For years, many Muslim countries have not just looked the other way when individuals or groups sought to carry out jihad against “infidels”; they have laws on the books making it illegal to do anything even remotely inflammatory against Islam. This witch-hunt atmosphere has, of course, lead to arbitrary detentions, assaults, mob attacks and murders.

Just recently, it reached yet another zenith of malice after a Christian-Pakistani woman and mother of five was sentenced to death by hanging for allegedly speaking ill of Muhammad. She rotted in jail for 17 months before the verdict. She, her husband and lawyers have repeatedly denied any wrongdoing. They’re now filing an appeal.

The whole premise is based on the infamous blasphemy laws which have been adopted in many Muslim nations. A recent report from the Human Rights First organization cites dozens of cases in which Christians and other nonbelievers have been persecuted, jailed, maimed or executed in countries such as Iran, Pakistan, Malaysia, Saudi Arabia and Indonesia.

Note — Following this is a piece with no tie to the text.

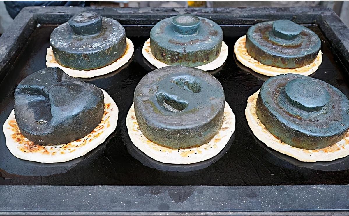 石头馃是徽州歙县街头的一道风味小吃,在每一个扁平的面馃上边都压着一个油光黑亮的石头,通过石头的传热使得面馃熟透,炕熟的面馃散发出异香,咬开之后,馅料滋润鲜美。

What many people don’t know is that since 1999, Muslim countries have been looking to legalize such laws on the international level through the UN. The initiative is called the “Defamation of Religions” resolution, and will basically make it the norm to legally discriminate against any citizen who believes in a religion different than the official one of the state. It’s due to come up for a vote again in the next few weeks.